On the overseas supply side, earlier constraints stemming from Indonesia’s January RKAB quota approvals had sharply reduced exports, tightening near-term availability. While exports have since shown signs of recovery in February, the previous decline — particularly the significant m-o-m drop — continued to lend support to prices by reinforcing perceptions of supply-side vulnerability. At the same time, strong exports to China highlighted steady regional demand flows, further underpinning market sentiment.
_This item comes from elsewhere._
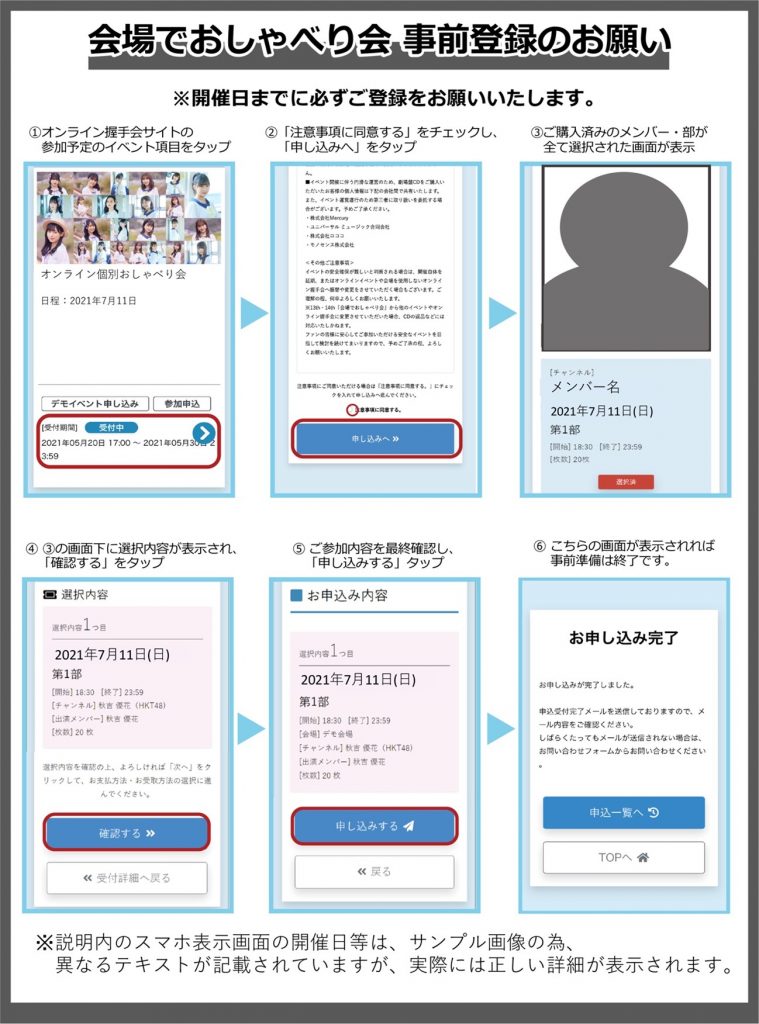 「オンライン握手会申込サイト」への登録は事前にPCなどでお済ませください。
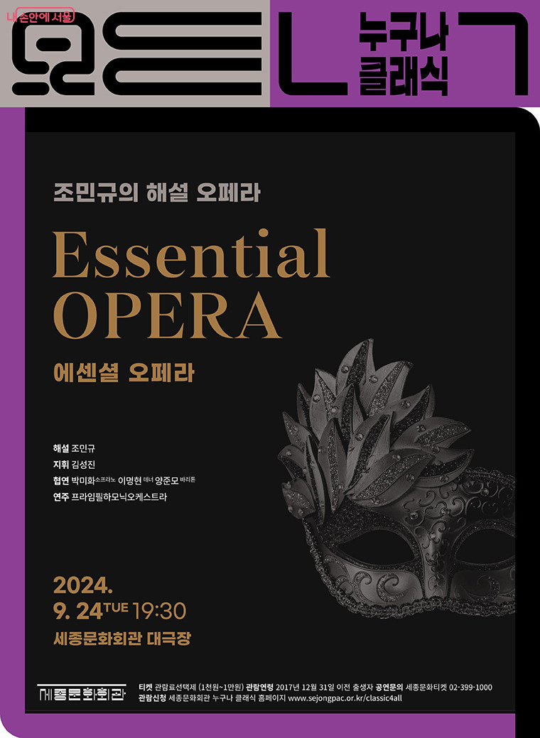세종문화회관에서 9월 누구나 클래식 ‘조민규의 해설 오페라 Essential Opera’가 열린다

Domestically, elevated prices have tempered spot market activity, as downstream enterprises have been slow to fully resume operations following the holiday period. Tin prices rising above the RMB 430,000/t level suppressed immediate restocking interest, with many consumers opting to digest existing inventories. Despite relatively slow physical circulation and limited visible destocking, macro sentiment and event-driven trading dominated price direction, encouraging active fund participation and keeping prices elevated.

Outlook

Tin prices are likely to remain elevated in the near term, supported by lingering Myanmar-related risk premiums and still-tight visible inventories. However, with Indonesian exports normalising and downstream Chinese demand only gradually recovering post-holiday, upside momentum may slow. If spot transactions fail to improve above RMB 430,000/t, profit-taking could trigger short-term volatility and a technical pullback.